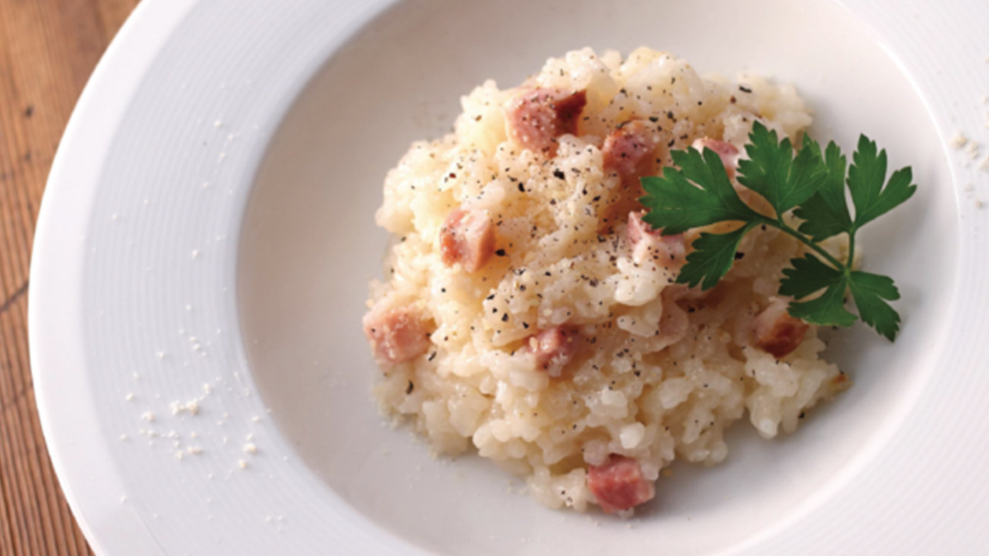 And it’s usually pretty tricky to nail the cooking technique of risotto. But we may have a little trick up our sleeve for making a delectable bacon and Parmesan risotto at home with minimal effort.
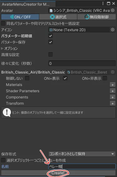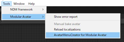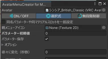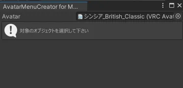 またはメニューから「Tools」→「Modular Avatar」→「AvatarMenuCreator for Modular Avatar」を開いて、ヒエラルキー上のアバターをツールにセット!
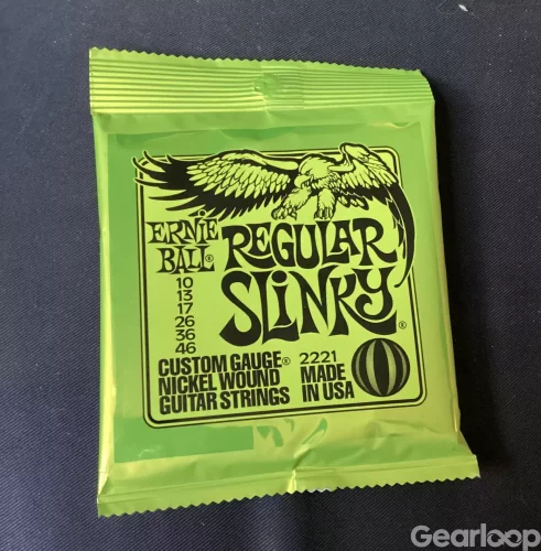 Säljer 1 set elgitarrsträngar, Ernie Ball Regular Slinky 10-46. Nya strängar i obruten förpackning. Skickas som vanligt brev efter avslutad affär.

***

What needs to be done: Retype the whole listing. Keep every word exact but include no pictures.

Answer for this exercise:
 And it’s usually pretty tricky to nail the cooking technique of risotto. But we may have a little trick up our sleeve for making a delectable bacon and Parmesan risotto at home with minimal effort.
 またはメニューから「Tools」→「Modular Avatar」→「AvatarMenuCreator for Modular Avatar」を開いて、ヒエラルキー上のアバターをツールにセット!
 Säljer 1 set elgitarrsträngar, Ernie Ball Regular Slinky 10-46. Nya strängar i obruten förpackning. Skickas som vanligt brev efter avslutad affär.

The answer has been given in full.